Failure to Validate Association between Variants on 12p13 and Ischemic Stroke

Summary

A meta-analysis of genomewide association studies (GWAS) did not validate findings that associated the single-nucleotide polymorphisms rs12425791 and rs11833579 with stroke. Members of the International Stroke Genetics Consortium detail findings from this meta-analysis.

  • neurology clinical trials
  • cerebrovascular disease
  • neurology genomics
  • ischemia

A meta-analysis of genomewide association studies (GWAS) did not validate findings that associated the single-nucleotide polymorphisms rs12425791 and rs11833579 with stroke. Representing the members of the International Stroke Genetics Consortium, Jonathan Rosand, MD, MSc, Massachusetts General Hospital, Boston, MA, detailed findings from this meta-analysis.
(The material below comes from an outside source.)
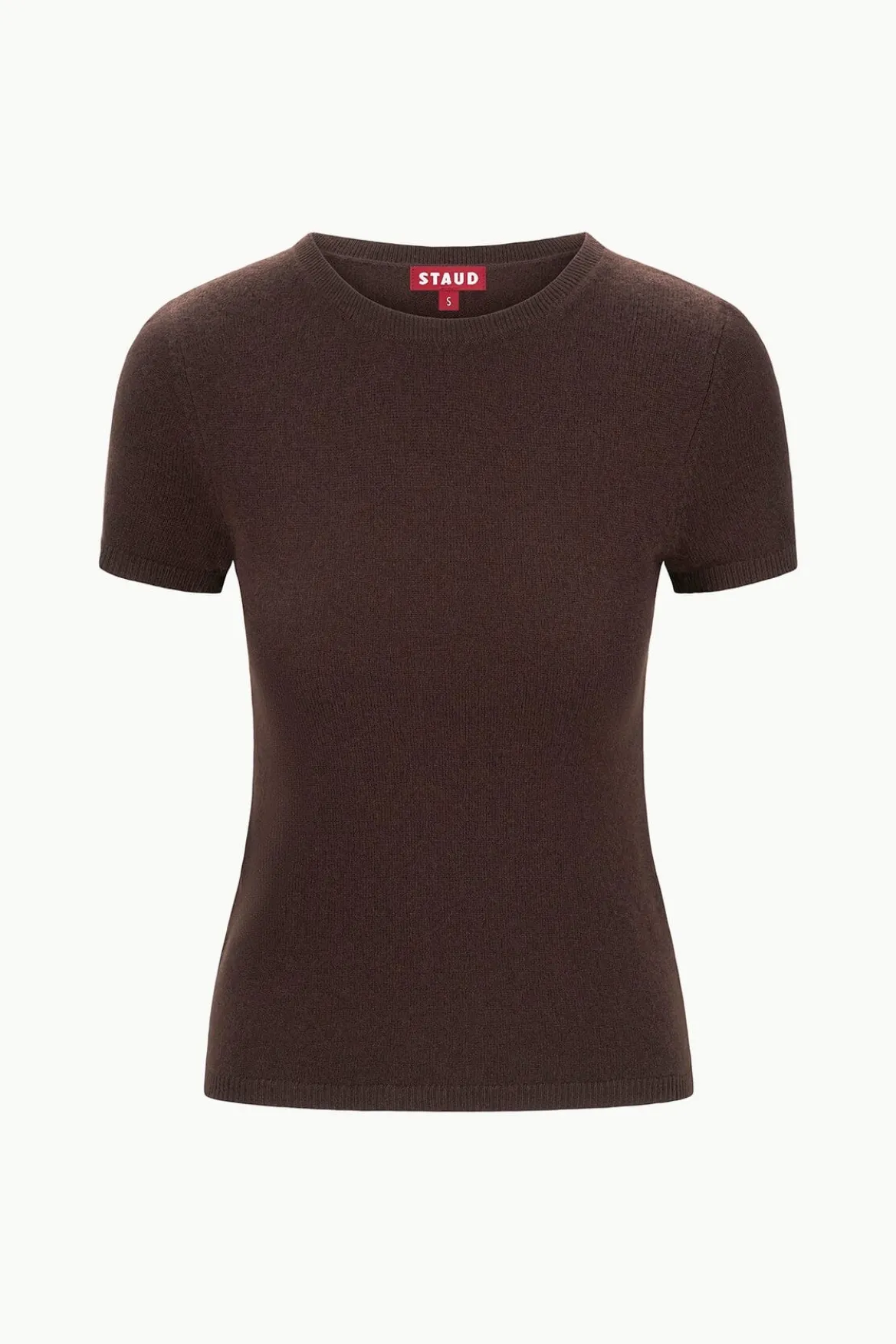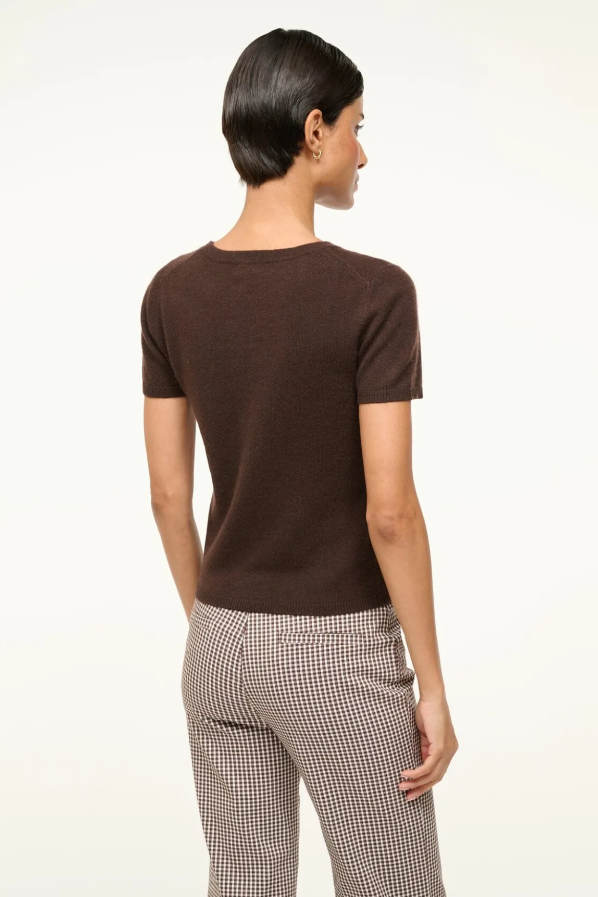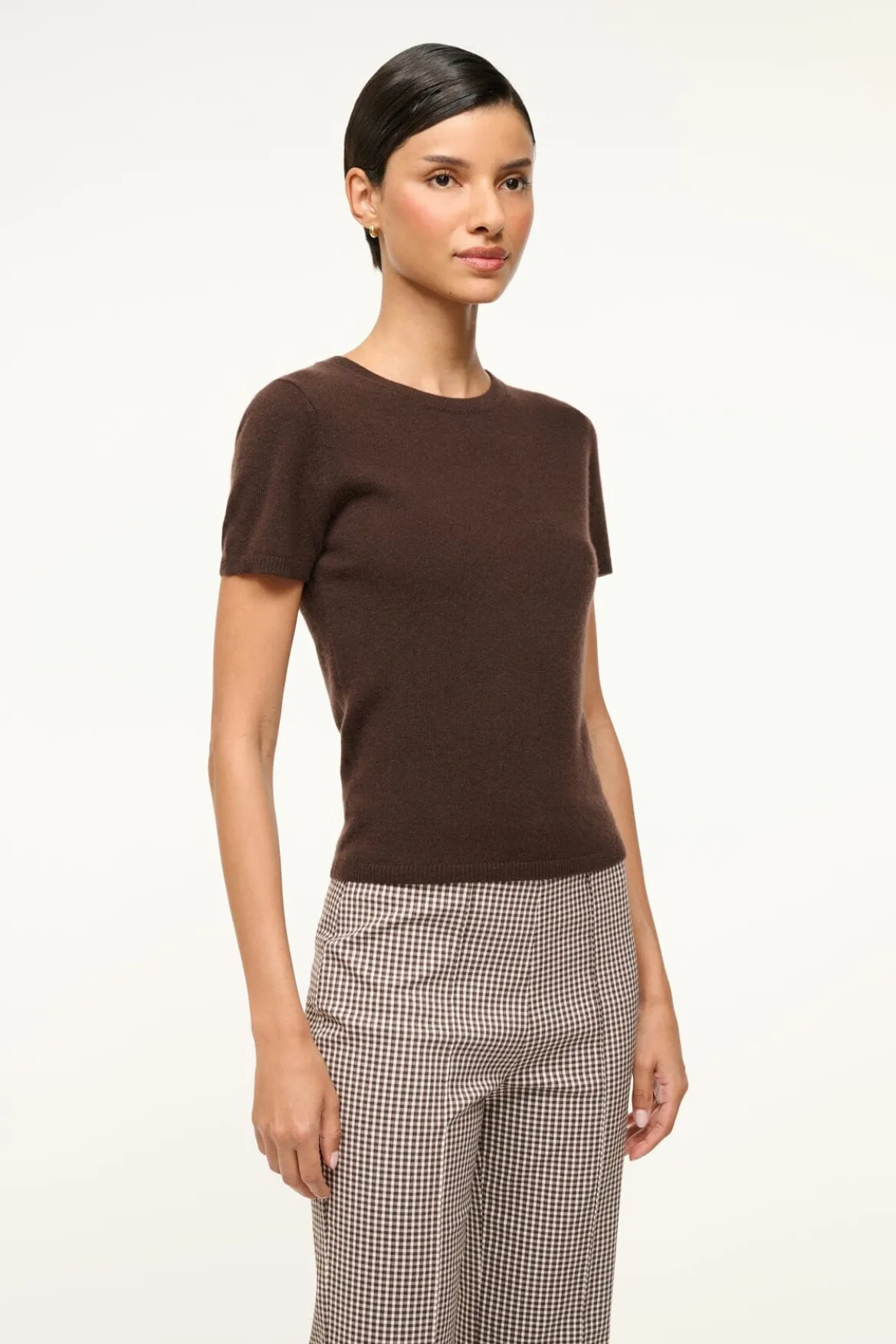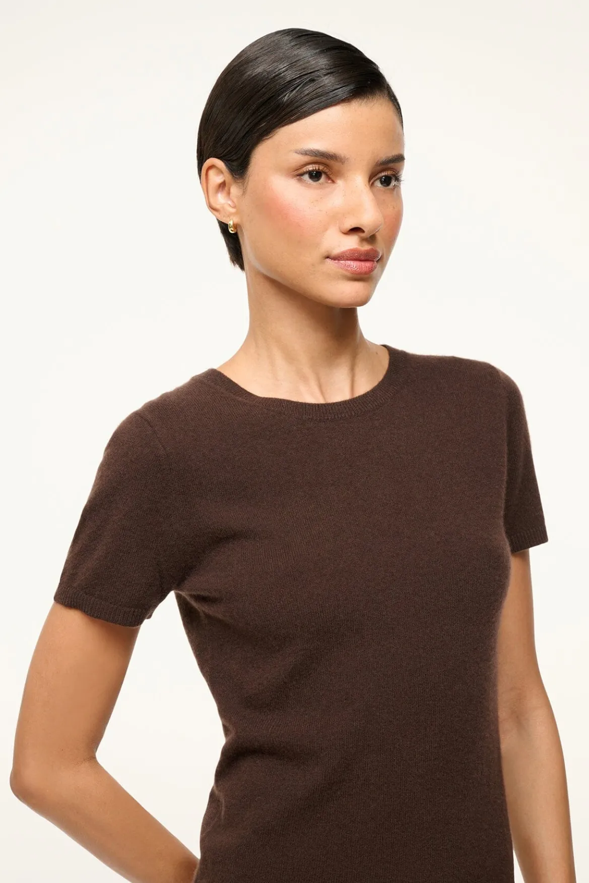The Easy Cashmere Tee is a cashmere top with a crew neckline and short sleeves.

A previous GWAS found that two intergenic single-nucleotide polymorphisms (SNPs), rs12425791 and rs11833579, on chromosome 12p13 and within 11 kb of the NINJ2 gene were associated with stroke [Ikram MA et al. N Engl J Med 2009]. The International Stroke Genetics Consortium set out to validate these results in a meta-analysis that was conducted using a combined sample of 8637 cases and 8733 controls of European ancestry and one population-based genomewide cohort study of 278 ischemic strokes among 22,054 subjects. Investigators evaluated associations between the two SNPs and ischemic stroke, incident stroke, and stroke subtypes (according to Trial of ORG 10172 in Acute Stroke Treatment [TOAST] criteria). Similar analyses were performed in cases and controls of African-American, Pakistani, and Chinese ancestry.
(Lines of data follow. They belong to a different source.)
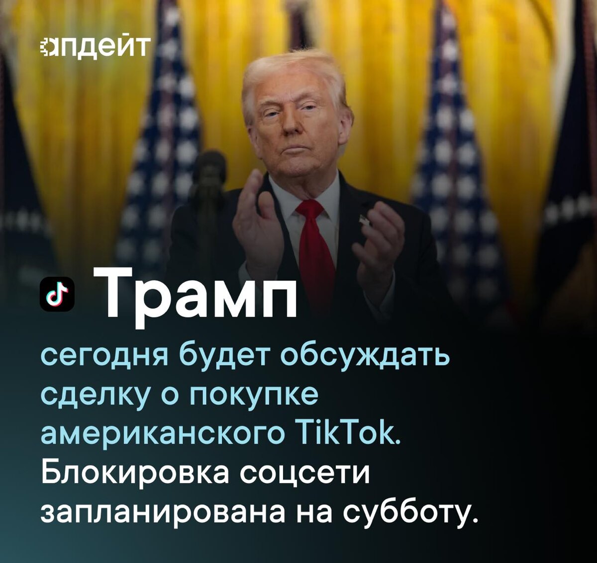 Трамп сегодня будет принимать участие в обсуждении продажи американского TikTok. Ранее президент отсрочил блокировку соцсети на 75 дней, однако в эту субботу срок уже истекает.
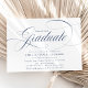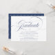 Elegant graduation party invitations featuring "Graduate" in a navy modern calligraphy script. Personalize the navy graduation party invitations by adding the graduate's name, graduation year, school name, and graduation party details. The trendy graduation party invites reverse to display a white trellis pattern with a navy background.
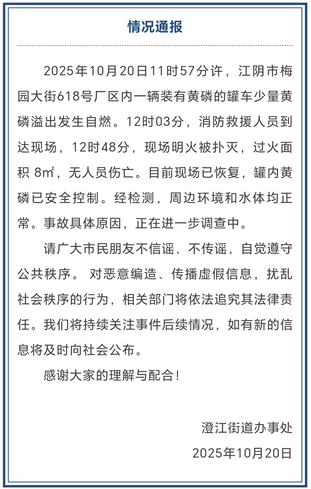 當日晚間,“澄江發佈”官方微信公眾號發佈“情況通報”顯示,2025年10月20日11時57分許,江陰市梅園大街618號廠區內一輛裝有黃磷的罐車少量黃磷溢出發生自燃。12時03分,消防救援人員到達現場,12時48分,現場明火被撲滅,過火面積 8㎡,無人員傷亡。目前現場已恢復,罐內黃磷已安全控制。經檢測,周邊環境和水體均正常。事故具體原因,正在進一步調查中。
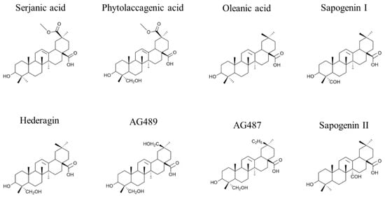 - Kuljanabhagavad, T.; Thongphasuk, P.; Chamulitrat, W.; Wink, M. Triterpene saponins from Chenopodium quinoa Wild. Phytochemistry 2008, 69, 1919–1926. [Google Scholar] [CrossRef]
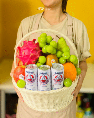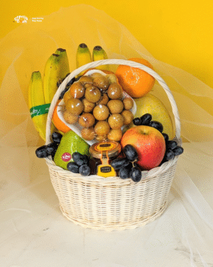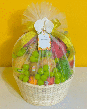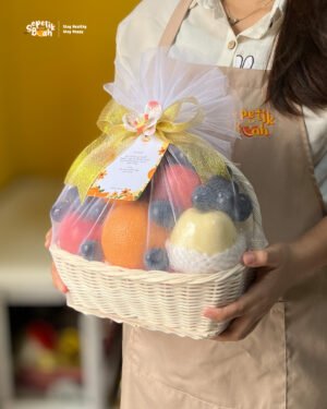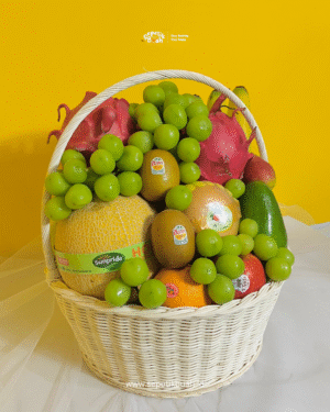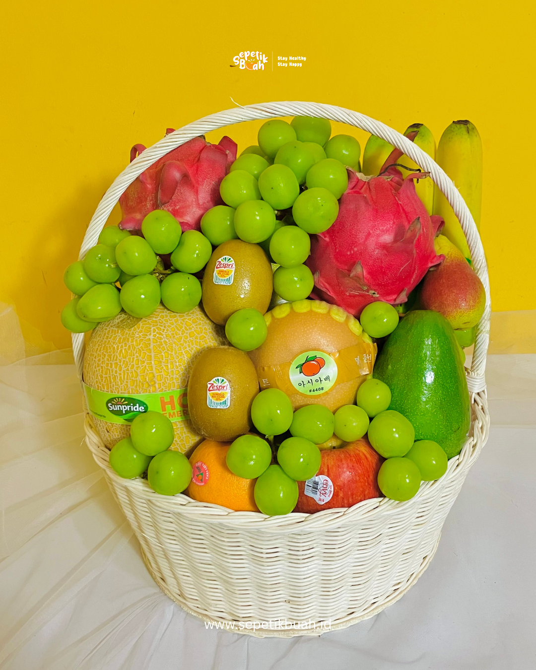 Keranjang rotan putih premium ini kami isi hingga penuh dengan buah-buahan impor terbaik. Lihat saja kemewahannya: gerombolan Anggur Shine Muscat yang manis, Buah Naga segar, Melon Sunpride utuh, Pir Korea (Asia Bae) yang juicy, Alpukat Mentega pilihan, Kiwi Zespri, apel, pisang, dan masih banyak lagi.

This well-powered meta-analysis detected no association between rs12425791 or rs11833579 and ischemic stroke in the cohort of European ancestry (OR, 0.97; 95% CI, 0.91 to 1.04; p=0.41 and OR, 1.02; 95% CI, 0.95 to 1.10; p=0.55, respectively). Additionally, no association was found for atherothrombotic stroke, incident ischemic stroke, recurrent ischemic stroke, or any of the ischemic stroke subtypes with regard to either SNP, according to 2235 cases (p>0.10 for all stroke categories). The original meta-analysis reported significant heterogeneity (rs11833579: heterogeneity p=0.073, l2=56.1%; rs12425791: p=0.15, l2=42.1%). However, no significant heterogeneity was observed in the current meta-analysis by the consortium (heterogeneity p>0.20; l2<20%).

Based on these results, members of the International Stroke Genetics Consortium concluded that these SNPs were not associated with increased risk for ischemic stroke.